1

I need to analyze path data of PDF files and manipulate content with iText 7. Manipulations include deletion/replacemant and coloring.

I can analyze the graphics alright with something like the following code:

public class ContentParsing {
    public static void main(String[] args) throws IOException {
        new ContentParsing().inspectPdf("testdata/test.pdf");
    }

    public void inspectPdf(String path) throws IOException {
        File file = new File(path);
        PdfDocument pdf = new PdfDocument(new PdfReader(file.getAbsolutePath()));
        PdfDocumentContentParser parser = new PdfDocumentContentParser(pdf);
        for (int i=1; i<=pdf.getNumberOfPages(); i++) {
            parser.processContent(i, new PathEventListener());
        }
        pdf.close();
    }
}


public class PathEventListener implements IEventListener {
    public void eventOccurred(IEventData eventData, EventType eventType) {
        PathRenderInfo pathRenderInfo = (PathRenderInfo) eventData;
        for ( Subpath subpath : pathRenderInfo.getPath().getSubpaths() ) {
            for ( IShape segment : subpath.getSegments() ) {
                // Here goes some path analysis code
                System.out.println(segment.getBasePoints());
            }
        }
    }

    public Set<EventType> getSupportedEvents() {
        Set<EventType> supportedEvents = new HashSet<EventType>();
        supportedEvents.add(EventType.RENDER_PATH);
        return supportedEvents;
    }
}

Now, what's the way to go with manipulating things and writing them back to the PDF? Do I have to construct an entirely new PDF document and copy everything over (in manipulated form), or can I somehow manipulate the read PDF data directly?

Thomas W
  • 14,757
  • 6
  • 48
  • 67
  • Creating a new pdf and adding the modified content is probably the best way to go and puts you in complete control. Modifying an existing pdf is technically possible, and some tasks like adding content over/under existing content or highlighting using a different colour are quite easy using iText. Others, especially things like text-replacement or search contain a good number of pitfalls and are technically hard. I'd recommend to have a look at http://developers.itextpdf.com/ and browse through some examples and tutorials to see what's possible. – Samuel Huylebroeck Dec 05 '16 at 12:35

1 Answers1

3

Now, what's the way to go with manipulating things and writing them back to the PDF? Do I have to construct an entirely new PDF document and copy everything over (in manipulated form), or can I somehow manipulate the read PDF data directly?

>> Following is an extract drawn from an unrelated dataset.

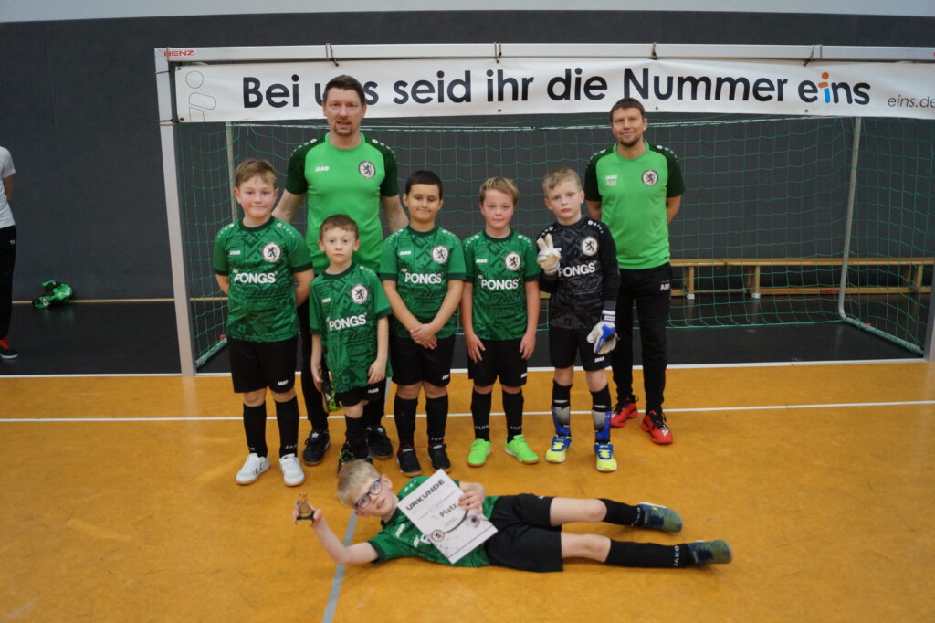 Auch an diesem Wochenende hieß es für unsere F-Jugend wieder Schuhe binden und ab zum nächsten Hallenturnier. Dieses Mal hatten wir es nicht weit, den dieses Mal waren wir der Gastgeber beim Erdachsen-Cup. Zu Gast waren neben unseren beiden Vertretungen des VfB Pausa-Mühltroff I und II, der 1.FC Wacker Plauen II, die SG Kürbitz und der SC Syrau. Gleich im Eröffnungsspiel trafen unsere beiden Teams aufeinander und am Ende hieß es 4:0 für den VfB Pausa-Mühltroff I. Als nächstes war wieder die 1.Mannschaft gefragt, diesmal gegen den SC Syrau. Dieses Spiel war an Spannung kaum zu überbieten, nach einem kurzen abtasten die ersten guten Chancen, leider trafen wir hier nur den Pfosten oder verfehlten das Tor nur knapp. So kam es wie es kommen musste und der SC Syrau ging mit 0:1 in Front, aber unsere kleinen gaben nicht auf. Durch einen Doppelschlag drehten wir die Partie zum 2:1, welcher ebenfalls durch den SCS ausgeglichen wurde. Nun ging es hin und her, 30 Sekunden vor Schluss hatten wir die große Chance in Führung zugehen, jedoch verpassten wird den Abschluss und liefen in einen Konter der dem SCS den 2:3 Sieg bescherte. Im nächsten Spiel traf der VfB II auf den 1.FC Wacker Plauen II. Lange Zeit sah es nach einer 0:1 Niederlage aus bis kurz vor Schluss der Ball aus spitzem Winkel den Weg ins Tor fand und das Spiel 1:1 endete. Jetzt war wieder der VfB I gefragt der Gegner ebenfalls der 1.FC Wacker Plauen II, den wir am Ende 3:0 bezwingen konnten. Für den VfB II kam es jetzt zum aufeinander treffen mit dem SC Syrau. Hier konnten wir lange Zeit die Null halten, da unsere Spieler mit sehr viel Herz verteidigten, am Ende aber konnten wir dem Druck nicht standhalten und verloren 0:3. Aber die kämpferische Einstellung war dennoch lobenswert. Nun wieder zum VfB I der im letzten Spiel auf die SG Kürbitz traf. Mit einem Sieg wäre man sicher zweiter, somit gingen die kleinen offensiv ans Werk und gewannen 5:0. Nun kommen wir ebenfalls zum letzten Spiel des VFB II. Hier war die Ausgangslage ebenfalls klar, ein Sieg und man klettert auf den dritten Platz. Der Gegner die SG Kürbitz nutze aber eine Unachtsamkeit in der Hintermannschaft und ging mit 0:1 in Führung. Jetzt war die Einstellung unserer kleinen gefragt, um das Ruder rumzureißen. Hier zeigte sich wieder einmal des Kämpferherz der Spieler, es wurde kein Ball mehr verloren gegeben und wir konnten uns mit zwei Toren belohnen. Womit am Ende der 2:1 Sieg gefeiert werden konnte. Somit konnten wir uns auf heimischem Parkett den zweiten und dritten Platz sichern. Dieses Mal gab es nicht nur Pokale für die kleinen, sondern auch den Trainern wurde für ihr Ehrenamt gedankt und somit erhielt jeder Trainer eine echte Erdachsensalamie. 🙂 Am Ende Blicken wir auf ein faires Turnier zurück mit strahlenden Kindergesichtern.

In essence you are looking for a class which is not merely parsing a PDF content stream and signaling the instructions in it like the PdfCanvasProcessor (the PdfDocumentContentParser you use is merely a very thin wrapper for PdfCanvasProcessor) but which also creates the content stream anew with the instructions you forward back to it.

A generic content stream editor class

For iText 5.5.x a proof-of-concept for such a content stream editor class can be found in this answer (the Java version is a bit further down in the answer text).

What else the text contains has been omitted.